Thanks for the recommendation. Are you recommending that one pay twice as much - than the weekender- for the Seiko 5? (However, it is an automatic rather than quartz movement.)


----------



## Brio1 (May 13, 2010)

WouldaShoulda said:


> Good choice, get one black and one white face to mix it up!!


It is a good thing that I was not able to decide between the dials (i.e. face) in a local store! I can buy both the black and white dials on Amazon for a lower price. Thanks.


----------



## hardline_42 (Jan 20, 2010)

Brio1 said:


> Thanks for the recommendation. Are you recommending that one pay twice as much - than the weekender- for the Seiko 5? (However, it is an automatic rather than quartz movement.)

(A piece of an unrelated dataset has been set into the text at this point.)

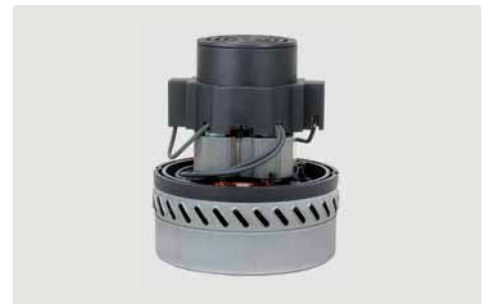
2-stufig. 24 V. Kabel vorinstalliert

The Timex is basically a throw-away watch. It's not bad at what it does (tell time) and that is enough for most people. The Seiko 5 line of watches represent an unbeatable value even at several times the price of a Timex. The movements are stout (although non-hacking in most models) and the fit and finish are tight. They also have a myriad of designs to fit most tastes. I'd say both options are "trad," the Timex for its no-frills utilitarianism and the Seiko as something just a bit more precious but no less hard-wearing.


----------



## Brio1 (May 13, 2010)

hardline_42 said:


> The Timex is basically a throw-away watch. It's not bad at what it does (tell time) and that is enough for most people. The Seiko 5 line of watches represent an unbeatable value even at several times the price of a Timex. The movements are stout (although non-hacking in most models) and the fit and finish are tight. They also have a myriad of designs to fit most tastes. I'd say both options are "trad," the Timex for its no-frills utilitarianism and the Seiko as something just a bit more precious but no less hard-wearing.


Do you happen to know how many years the warranty is on the Seiko? It is one year on the Timex. Thanks.


----------



## hardline_42 (Jan 20, 2010)

Brio1 said:


> Do you happen to know how many years the warranty is on the Seiko? It is one year on the Timex. Thanks.


Seiko factory warranty is three years if purchased in the US from an authorized dealer.


----------



## vwguy (Jul 23, 2004)

I bought a Seiko 5 from Amazon a few months back, I've only worn it a few times and I can no longer adjust the day/date. My el cheapo Timex that's years old is still running like a champ, go figure.

Brian


----------



## hardline_42 (Jan 20, 2010)

vwguy said:


> I bought a Seiko 5 from Amazon a few months back, I've only worn it a few times and I can no longer adjust the day/date. My el cheapo Timex that's years old is still running like a champ, go figure.
> 
> Brian


Can you elaborate on the problem? Seiko's "quickset" date feature can be tricky if it gets out of phase.


----------



## Brio1 (May 13, 2010)

hardline_42 said:


> Can you elaborate on the problem? Seiko's "quickset" date feature can be tricky if it gets out of phase.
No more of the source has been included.